Recorded information:

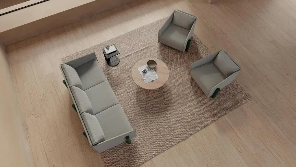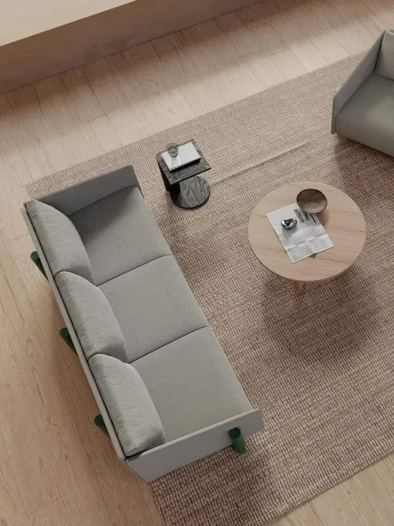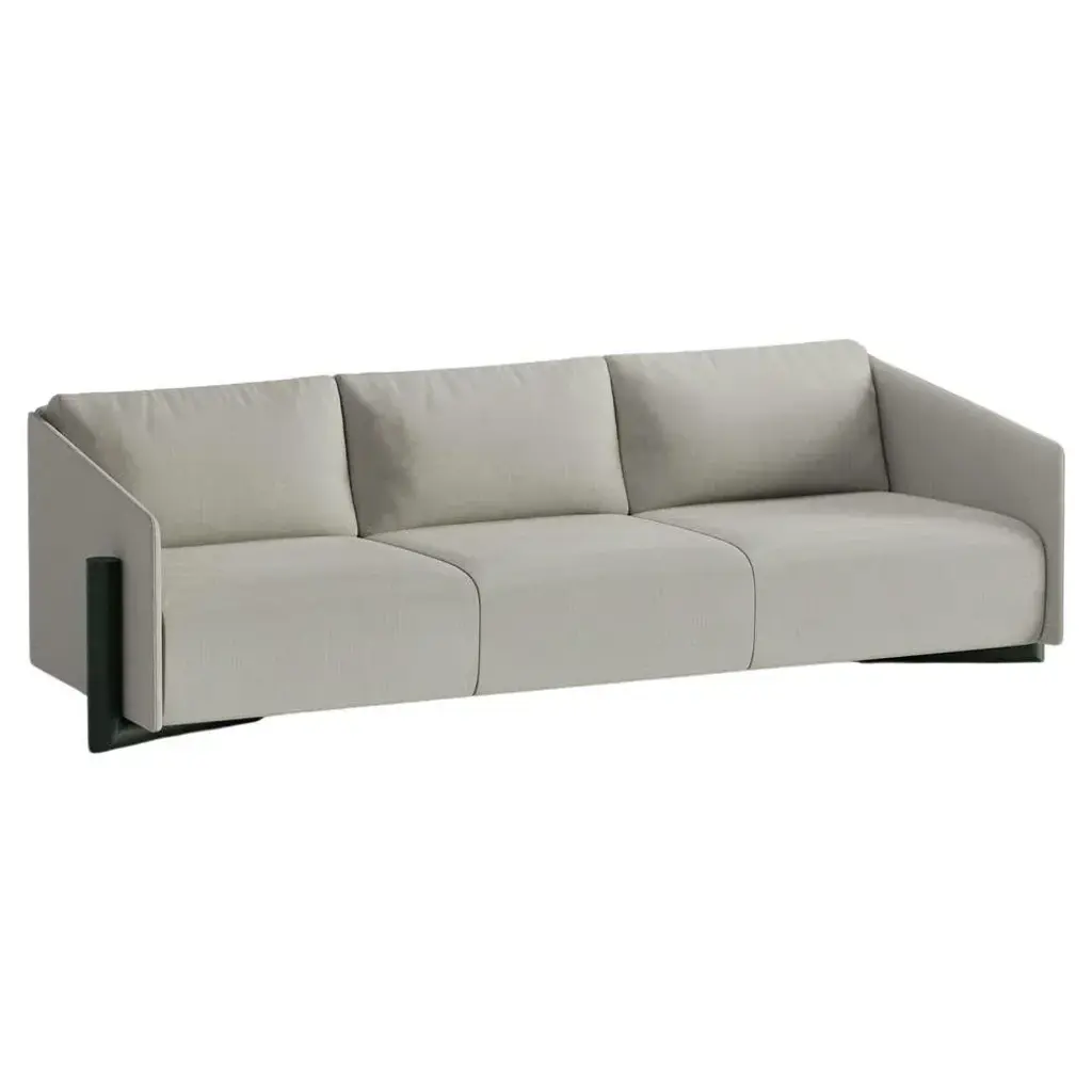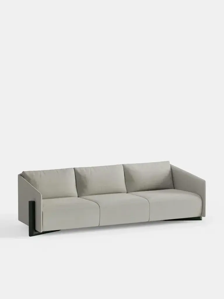 Grey timber 4 seater sofa by kann design dimensions: d 104.5 x w 260 x h 75 cm. Materials: solid wood, elastic belts, hr foam, fabric upholstery kvadrat remix 126 (90% wool, 10% nylon). Available in other fabrics. the strong presence of textile in the timber collection gives it the appearance of a comfortable cloud that seems to levitate above the ground. The wooden structure disappears under the furniture to appear only at the back and on each side of the armrests, playing on the resemblance to the roots of a tree. The character and dynamism of the furniture is reinforced by the choice of a two-color between the textile and the wood.
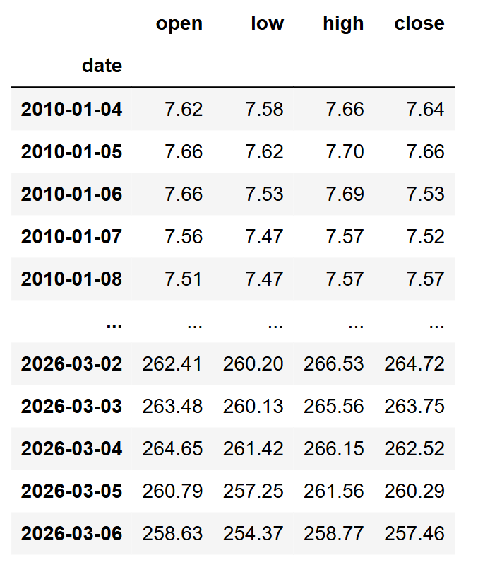 prices = pd.read_csv("AAPL_prices.csv", index_col='date')
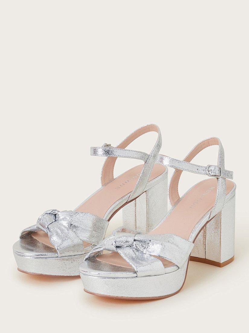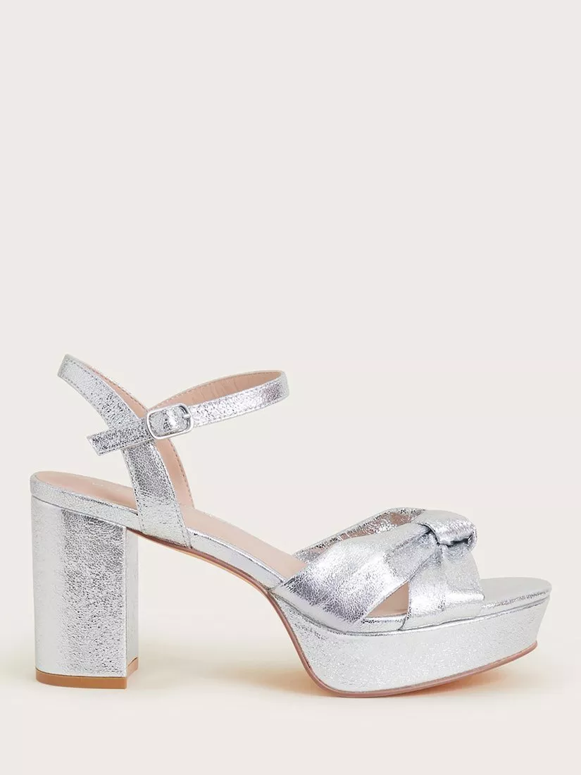 Dancing queen. Add comfortable height to your party look with these heels, designed in metallic faux leather with a twist detail over the toe. From festive work events to St Tropez beach clubs, they're a best-seller for a reason.
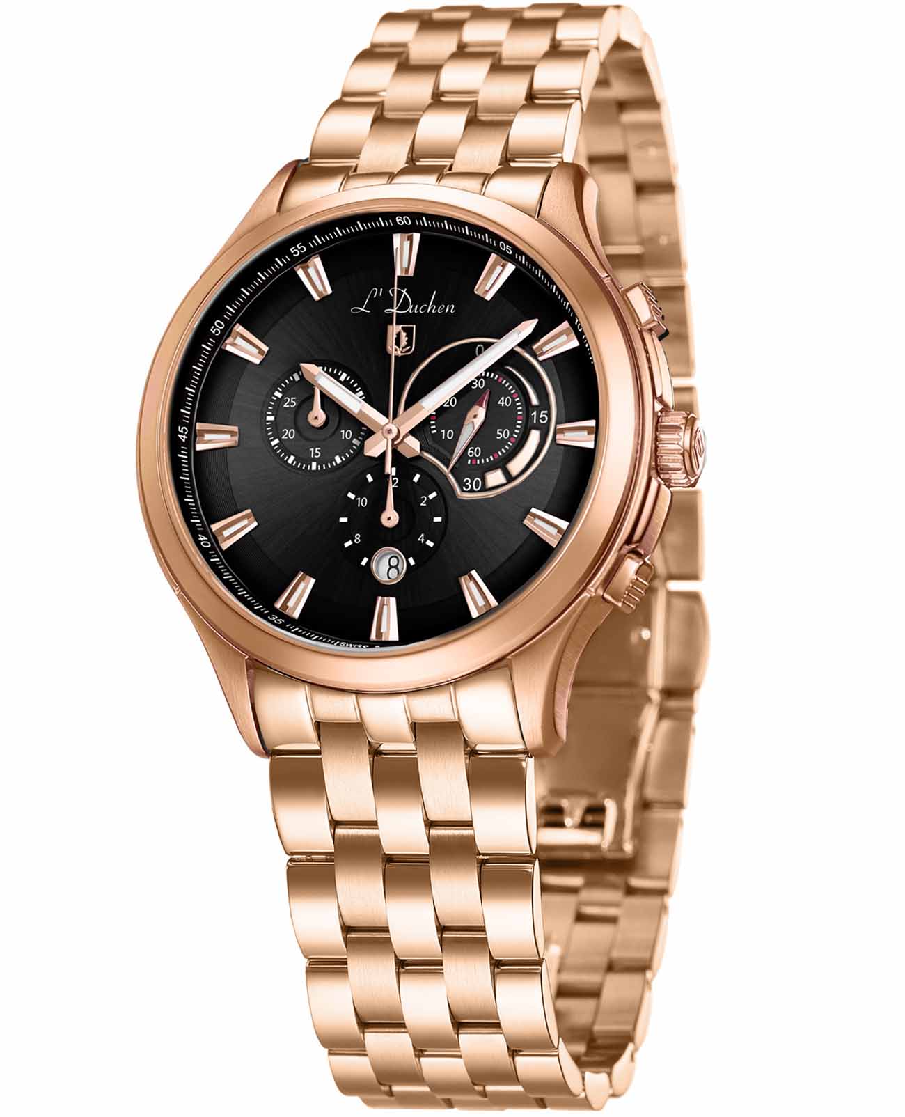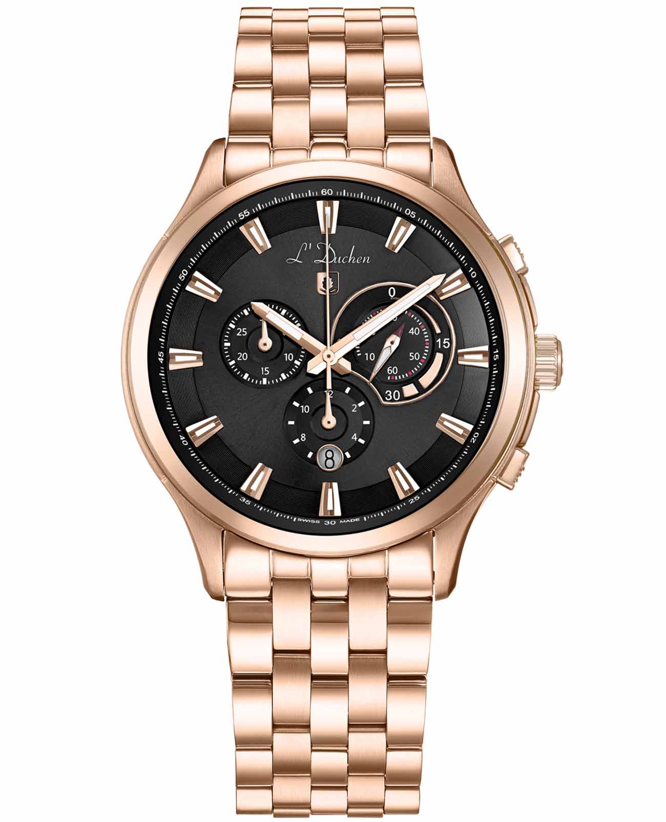 Мужские швейцарские часы- хронографХронографФункция позволяет измерять отрезки времени с особой точностью: часы, минуты, секунды. Верным признаком хронографа является наличие на циферблате 3 дополнительных окошек-счётчиков. L'Duchen Pilotage D 742.40.41, кварцевый механизм с высокой точностью. Сапфировое стеклоСапфировое стеклоПрочный и надёжный материал из кристалла сапфира синтетического происхождения, характеризующийся особой твёрдостью и устойчивостью к царапинам и повреждениям. устойчивое к появлению царапин, обладающее высокой прозрачностью. Корпус часов выполнен из нержавеющей стали с PVD-покрытиемPVDУльтратонкое покрытие наносится в технике вакуумного напыления, сочетает в себе нитрид титана особой прочности со слоем золота или оксида хрома. Несёт в себе декоративную или защитную функцию.. Стрелки с люминесцентным покрытиемЛюминесцентное покрытиеПозволяет считывать показания времени в темноте. Производители наносят на стрелки, часовые индексы, безель или поверхность циферблата светонакопительный состав, дающий холодное свечение.. Класс водозащиты: 100 метров, позволит плавать, нырять и заниматься другими водными видами спорта. Стальной браслет с PVD-покрытиемPVDУльтратонкое покрытие наносится в технике вакуумного напыления, сочетает в себе нитрид титана особой прочности со слоем золота или оксида хрома. Несёт в себе декоративную или защитную функцию. на застёжке «бабочка» с кнопкамиЗастёжка "бабочка"Такой вид застёжки дополняется предохранителями, помогающими избежать случайного раскрытия браслета. Обладают изящным исполнением. .

What is required: Transcribe the material above in full. No picture is to be copied.

Solution for this problem:
 Grey timber 4 seater sofa by kann design dimensions: d 104.5 x w 260 x h 75 cm. Materials: solid wood, elastic belts, hr foam, fabric upholstery kvadrat remix 126 (90% wool, 10% nylon). Available in other fabrics. the strong presence of textile in the timber collection gives it the appearance of a comfortable cloud that seems to levitate above the ground. The wooden structure disappears under the furniture to appear only at the back and on each side of the armrests, playing on the resemblance to the roots of a tree. The character and dynamism of the furniture is reinforced by the choice of a two-color between the textile and the wood.
 prices = pd.read_csv("AAPL_prices.csv", index_col='date')
 Dancing queen. Add comfortable height to your party look with these heels, designed in metallic faux leather with a twist detail over the toe. From festive work events to St Tropez beach clubs, they're a best-seller for a reason.
 Мужские швейцарские часы- хронографХронографФункция позволяет измерять отрезки времени с особой точностью: часы, минуты, секунды. Верным признаком хронографа является наличие на циферблате 3 дополнительных окошек-счётчиков. L'Duchen Pilotage D 742.40.41, кварцевый механизм с высокой точностью. Сапфировое стеклоСапфировое стеклоПрочный и надёжный материал из кристалла сапфира синтетического происхождения, характеризующийся особой твёрдостью и устойчивостью к царапинам и повреждениям. устойчивое к появлению царапин, обладающее высокой прозрачностью. Корпус часов выполнен из нержавеющей стали с PVD-покрытиемPVDУльтратонкое покрытие наносится в технике вакуумного напыления, сочетает в себе нитрид титана особой прочности со слоем золота или оксида хрома. Несёт в себе декоративную или защитную функцию.. Стрелки с люминесцентным покрытиемЛюминесцентное покрытиеПозволяет считывать показания времени в темноте. Производители наносят на стрелки, часовые индексы, безель или поверхность циферблата светонакопительный состав, дающий холодное свечение.. Класс водозащиты: 100 метров, позволит плавать, нырять и заниматься другими водными видами спорта. Стальной браслет с PVD-покрытиемPVDУльтратонкое покрытие наносится в технике вакуумного напыления, сочетает в себе нитрид титана особой прочности со слоем золота или оксида хрома. Несёт в себе декоративную или защитную функцию. на застёжке «бабочка» с кнопкамиЗастёжка "бабочка"Такой вид застёжки дополняется предохранителями, помогающими избежать случайного раскрытия браслета. Обладают изящным исполнением. .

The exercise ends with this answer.